虽是为了上药,但与太子这般肌肤相触,未免有些……太不像样了。
古语有云,男女授受不亲。
从出生到现在,沈偲一直极为严格地恪守这一点。除了父亲和小弟,只有崔世君在得了她的默许下,牵过一回她的手,而不堪回首的另一回,则是被元熙帝……
可活儿是自己揽的,恩是自己要报的,沈偲只得硬着头皮,暂时忘掉太子是位男子,只把他想做是主子、是恩人,抛开杂念专心为太子上药。
她在灯火下细细观察太子的手。忽略狰狞的伤口,太子的手其实生得很好看,并不是沈偲想象中养尊处优的手,而是一看便知经历颇多的手:肌肤是浅蜜色的,大概比面上的肤色还要深些,手指修长而有力,指腹和指根处覆了一层薄薄的茧,还有几道浅浅的划痕……是那种遒劲有力的好看。
与崔世君的手完全不一样。
崔世君的手也生得好看,那是一双专门用来执笔写字、翻书抚琴的手。
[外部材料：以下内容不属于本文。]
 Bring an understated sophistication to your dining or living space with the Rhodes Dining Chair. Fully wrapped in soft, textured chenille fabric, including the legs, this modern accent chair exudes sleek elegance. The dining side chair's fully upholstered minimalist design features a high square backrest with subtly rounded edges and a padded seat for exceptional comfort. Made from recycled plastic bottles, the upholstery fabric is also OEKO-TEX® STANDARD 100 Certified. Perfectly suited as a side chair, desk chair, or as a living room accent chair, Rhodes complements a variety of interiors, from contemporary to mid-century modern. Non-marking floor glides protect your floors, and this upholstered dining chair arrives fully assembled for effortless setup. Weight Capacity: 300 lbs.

崔世君日常也极为讲究,用手后会用胰子净手再抹上白及膏。他的手不止修长匀称,还极为白皙润泽,就像他给人的印象般,是翩翩公子,皎皎郎君。
沈偲也奇怪自己怎会突发奇想,把太子与崔世君摆在一起比较,除了同为男子,他们着实没有一丝相近之处。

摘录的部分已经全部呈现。